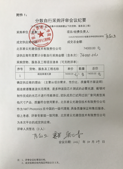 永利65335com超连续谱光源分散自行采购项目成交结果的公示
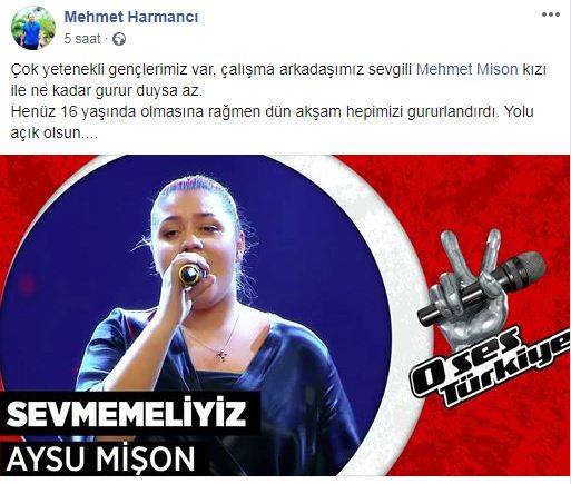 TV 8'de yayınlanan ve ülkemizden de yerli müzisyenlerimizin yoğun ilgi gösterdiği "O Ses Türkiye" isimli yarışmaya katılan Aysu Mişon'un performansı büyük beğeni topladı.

--

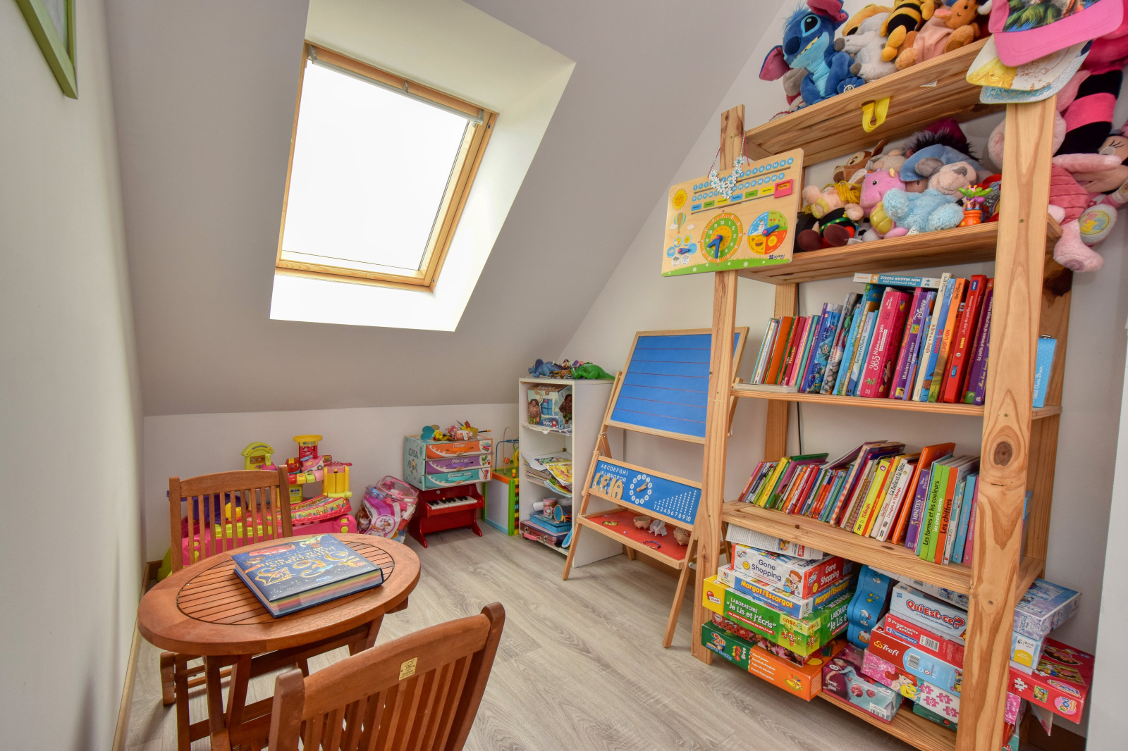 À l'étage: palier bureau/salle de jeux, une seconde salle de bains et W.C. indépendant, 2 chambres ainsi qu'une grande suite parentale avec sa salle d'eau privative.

---

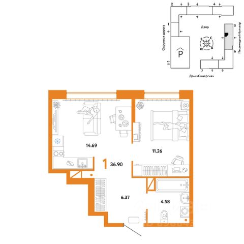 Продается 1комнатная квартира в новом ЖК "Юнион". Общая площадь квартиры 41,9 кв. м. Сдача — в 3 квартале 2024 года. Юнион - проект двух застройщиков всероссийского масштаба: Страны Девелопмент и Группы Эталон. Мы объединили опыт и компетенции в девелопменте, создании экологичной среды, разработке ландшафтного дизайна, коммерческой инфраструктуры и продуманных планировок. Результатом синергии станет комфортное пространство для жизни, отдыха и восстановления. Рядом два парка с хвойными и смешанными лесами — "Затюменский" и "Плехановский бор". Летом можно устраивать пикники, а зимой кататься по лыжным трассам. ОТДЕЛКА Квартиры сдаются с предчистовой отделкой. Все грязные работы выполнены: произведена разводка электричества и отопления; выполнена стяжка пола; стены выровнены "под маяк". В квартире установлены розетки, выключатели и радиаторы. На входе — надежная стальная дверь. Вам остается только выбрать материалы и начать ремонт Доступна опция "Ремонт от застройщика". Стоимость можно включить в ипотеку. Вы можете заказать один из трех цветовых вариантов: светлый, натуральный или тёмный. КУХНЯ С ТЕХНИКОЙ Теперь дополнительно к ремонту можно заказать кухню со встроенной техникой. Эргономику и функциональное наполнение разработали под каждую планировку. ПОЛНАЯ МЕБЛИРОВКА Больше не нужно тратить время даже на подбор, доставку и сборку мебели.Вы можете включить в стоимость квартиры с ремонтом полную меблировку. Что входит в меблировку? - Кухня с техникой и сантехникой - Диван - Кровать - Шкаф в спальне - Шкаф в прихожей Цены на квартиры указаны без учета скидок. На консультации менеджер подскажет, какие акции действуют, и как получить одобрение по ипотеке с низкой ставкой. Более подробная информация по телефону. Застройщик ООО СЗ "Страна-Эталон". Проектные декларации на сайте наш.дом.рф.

PROBLEM TO WORK ON:
Starting with the line that has "永利65335com超连续谱光源分散自行采购项目成交结果的公示" and ending with the line that has "TV 8'de yayınlanan", repeat the lines above exactly, omitting every picture.

EXERCISE RESPONSE:
 永利65335com超连续谱光源分散自行采购项目成交结果的公示
 TV 8'de yayınlanan ve ülkemizden de yerli müzisyenlerimizin yoğun ilgi gösterdiği "O Ses Türkiye" isimli yarışmaya katılan Aysu Mişon'un performansı büyük beğeni topladı.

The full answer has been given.